Let $\mathfrak{so}_n(\mathbb{R})$ be the Lie algebra of real skew symmetric matrices. The natural basis representation of this algebra is given by,
$$ \Delta_{i,j} = E_{i,j}-E_{j,i},\quad 1\leq i<j\leq n, $$
where $E_{i,j}\in\mathfrak{gl}_n(\mathbb{R})$ is the matrix whose elements are $0$ except for the $(i,j)$th which is $1$. This basis descibe the infinitesimal rotations.
Questions: Is there other irreducible matrix representations of $\mathfrak{so}_n(\mathbb{R})$ in $\mathfrak{gl}_n(\mathbb{R})$ ? If yes, how to identify the canonical representation above among all representations ?
Thank you.
I'll consider all representations $\mathfrak{so}_n(\mathbf{R})\to\mathfrak{gl}_n(\mathbf{R})$, not only irreducible ones.
Of course there's no uniqueness (for $n\ge 2$) since you can conjugate the standard representation by a fixed matrix in $\mathrm{GL}_n(\mathbf{R})$. Also, you can consider the identity representation (which for $n\ge 2$ is not the standard one and is not irreducible). Nevertheless, for $n\notin\{2,4,8\}$, this are the only representations.
To show that this is the case, first assume $n\ge 3$. Let $f:\mathfrak{so}_n(\mathbf{R})\to\mathfrak{gl}_n(\mathbf{R})$ be a nontrivial $n$-dimensional representation. Then it induces a nontrivial continuous representation $f':\mathrm{Spin}(n)\to\mathrm{GL}_n(\mathbf{R})$. Since $n\ge 3$, $\mathrm{Spin}(n)$, the two-fold (simply) connected covering of $\mathrm{SO}(n)$ (with kernel $Y_n$, is compact, so after conjugation we can suppose that the image of $f'$ preserves a the standard scalar product. Hence, by connectedness, $f'$ maps into $\mathrm{SO}(n)$. Now exclude $n=4$: this ensures that the only closed normal subgroups of $\mathrm{Spin}(n)$ are the whole group and the subgroups of the center (which has order $2$ if $n$ is odd, $4$ if $n$ is even).
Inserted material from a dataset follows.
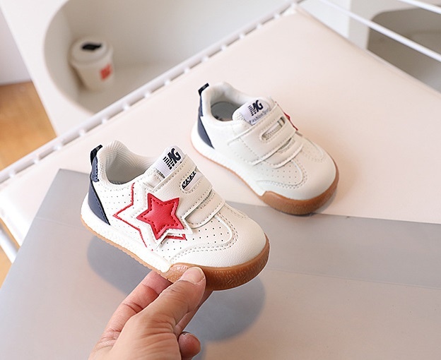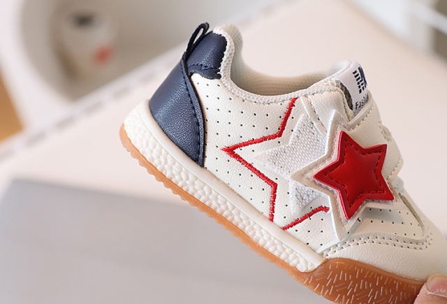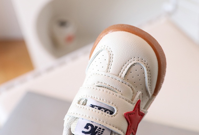 Adidasi pentru copii, din material tip piele ecologica, se inchid cu bareta cu arici intr-o parte, pe care este aplicata o stea.

Since $f'$ is not trivial, we see that $f':\mathrm{Spin}(n)\to\mathrm{SO}(n)$ is a two-fold covering, say with kernel $Y'$ of order $2$.
I claim, assuming in addition $n\neq 8$, that $Y'=Y_n$. If $n$ is not divisible by $4$, the center of $\mathrm{Spin}(n)$ is cyclic and hence $Y'=Y_n$. If $n$ is divisible by $4$ but not equal to $8$, the automorphism group of $\mathrm{Spin}(n)$ preserves $Y_n$: indeed, it is induced by the action of $\mathrm{O}(n)$. So if $Y'\neq Y_n$ is another central subgroup of order $2$, then $\mathrm{Spin}(n)/Y'$ (which is known as "half-spin group") is not isomorphic to $\mathrm{SO}(n)$. Hence $f'$ induces an automorphism of $\mathrm{SO}(n)$. Hence, after conjugation by some element of $\mathrm{O}(n)$, we have the identity map.
About exceptions $n=2,4,8$:
$n=2$: any one-parameter subgroup yields a representation of $\mathrm{so}(2)$, and most such representation do not preserve a scalar product. Several such representations are irreducible.
$n=4$: we have nontrivial representations factoring through a surjective homomorphism $\mathfrak{so}(4)\to\mathfrak{so}(3)$. The latter has 2 kinds of nontrivial 4-dimensional representations: those non-irreducible ones (1+3 decomposition), and the irreducible ones, whose image can be identified to $\mathbf{SU}(2)$ acting on $\mathbf{C}^2\simeq \mathbf{R}^4$.
$n=8$: "triality": consider the composite representation $\mathrm{Spin}(8)\to\mathrm{SO}(8)\to\mathrm{GL}_8(\mathbf{R})$, and precompose by an automorphism of $\mathrm{Spin}(8)$ that does not preserve $Y_8=\mathrm{Ker}(\mathrm{Spin}(8)\to\mathrm{SO}(8))$. Of course these are (absolutely) irreducible, since the image is $\mathrm{SO}(8)$.